The actual measurements of pore throats are hardly ever available. A complex set of air permeability analyses and mercury injection tests are needed on core plugs to acquire accurate measurements. Since neither all particles nor all pore throats are of the same size in reality, an estimation of pore throat diameter in microns can be used for selecting blocking particle size. Formation permeability information is readily available and can be obtained from either the Reservoir Engineer or the Geologist.

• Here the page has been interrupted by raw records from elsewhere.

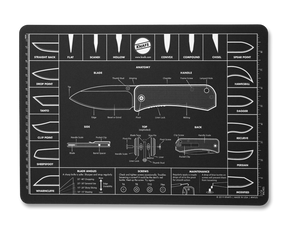 The maintenance mat features a prominent folding knife in the middle with handy references to knife anatomy: pivot, liner lock, washers, etc. The sides of the mat feature blade shapes and knife grinds commonly used on many knives.
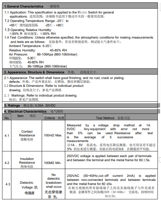 微动行程开关 系列
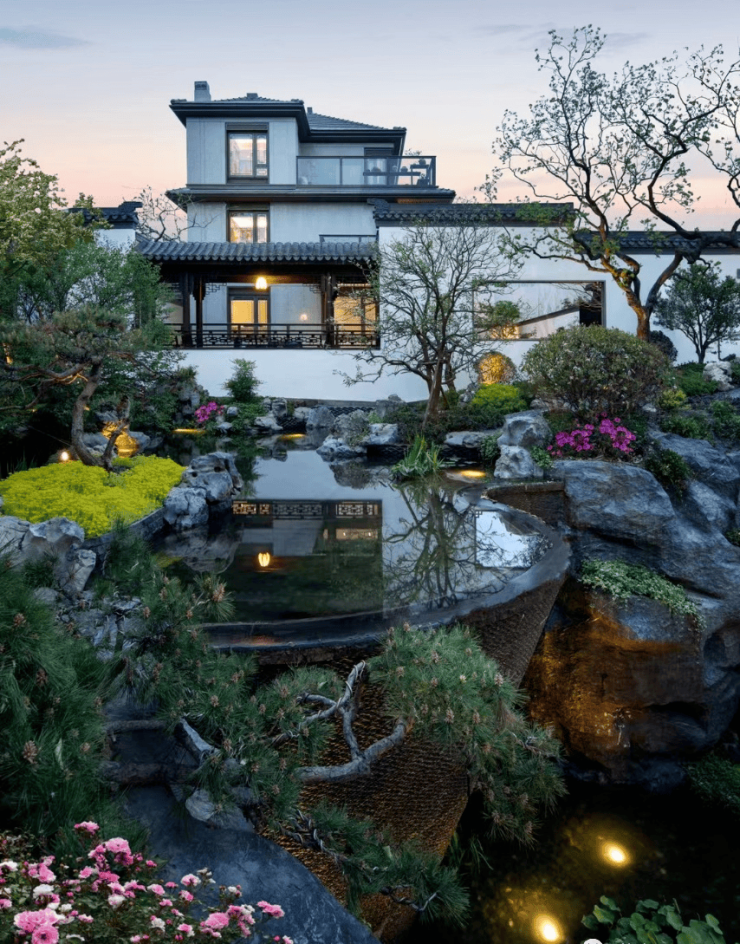 园林设计以中国皇家园林御苑作为景观设计根基,参考苏州拙政园设计蓝本。
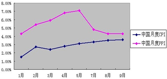 前 三季度,居民消費(fèi)價(jià)格(CPI)同比上漲2.9%。其中,城市上漲2.8%,農(nóng)村上漲3.1%。9月份CPI同比上漲3.6%,環(huán)比上漲0.6%。前三季 度,工業(yè)品出廠價(jià)格(PPI)同比上漲5.5%。9月份PPI同比上漲4.3%,環(huán)比上漲0.6%。推動(dòng)9月CPI繼續(xù)上行的主要因素仍是食品價(jià)格的快速 上漲,預(yù)計(jì)接下來10月,11月CPI將繼續(xù)高企,但考慮到大量農(nóng)產(chǎn)品會投放市場,農(nóng)產(chǎn)品價(jià)格漲勢將受抑制,同時(shí)央行已動(dòng)用加息政策抑制通脹預(yù)期,不排除 出臺連續(xù)緊縮政策的可能,綜合分析,12月份CPI大幅上行的勢頭有望得到有效緩解。另一方面,由于國際大宗商品價(jià)格持續(xù)上漲,原料價(jià)格的上漲最終必將推 高工業(yè)制成品的價(jià)格,預(yù)計(jì)四季度PPI將溫和上行。
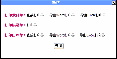 点击相应的打印功能即可。具体的方法和订单中打印各种单据的方法完全一致。 |
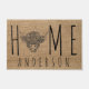 Welcome your guests into your home with this rustic, country, farmhouse design that features a faux burlap background, the word HOME, and your family name. The "O" in the word home is is an illustrated Highland Longhorn cow head. Click "Personalise" to add your own name. If you need help with customisation, please email me at ybnormalone@gmail.com Thanks for stopping by www.zazzle.com/WhisperingPines.

Although detailed equations and charts for accurate calculations of pore throat diameter for given permeability and porosity values are available, a workable estimate can be made using the permeability of the formation using the following rule of thumb:

Pore-Throat Diameter (microns) = Square Root of Permeability in milli-Darcy

For example:

If the permeability of a formation is 1.5 Darcy = 1,500 milli-Darcy

The Pore-Throat diameter ~ 38 microns

Hence the approximate size of the required blocking particle = 38/3 ~ 13 microns

Since barite is used as a weighting agent in most mud systems, it is easier and relatively less expensive to control seepage losses in high mud weight rather than while drilling with lower mud weights. The particle size distribution of barite plays the role of blocking material. API Barite has a particle size distribution between 0.5 – 100 microns with D50 about 15 – 20 microns. D50 is the particle diameter at which 50% of the particles are smaller and 50% are larger.

In a low-mud weight scenario, the fluid system must be supplemented with different particle sizes to block pore throats effectively. A drill and ‘seal pill’ with additional blocking material in the base fluid is better for low-weight mud systems.

A very fine CaCO3 (5-10 microns) and a small amount of Asphaltene help form an effective base cake in low-permeability sands. If the permeability is in multi-darcy, a coarser blocking material is needed. CaCO3 is an excellent bridging material for reservoir formation as it is acid soluble and can be removed through acid wash while completing the well to reduce the ‘Skin’ effect.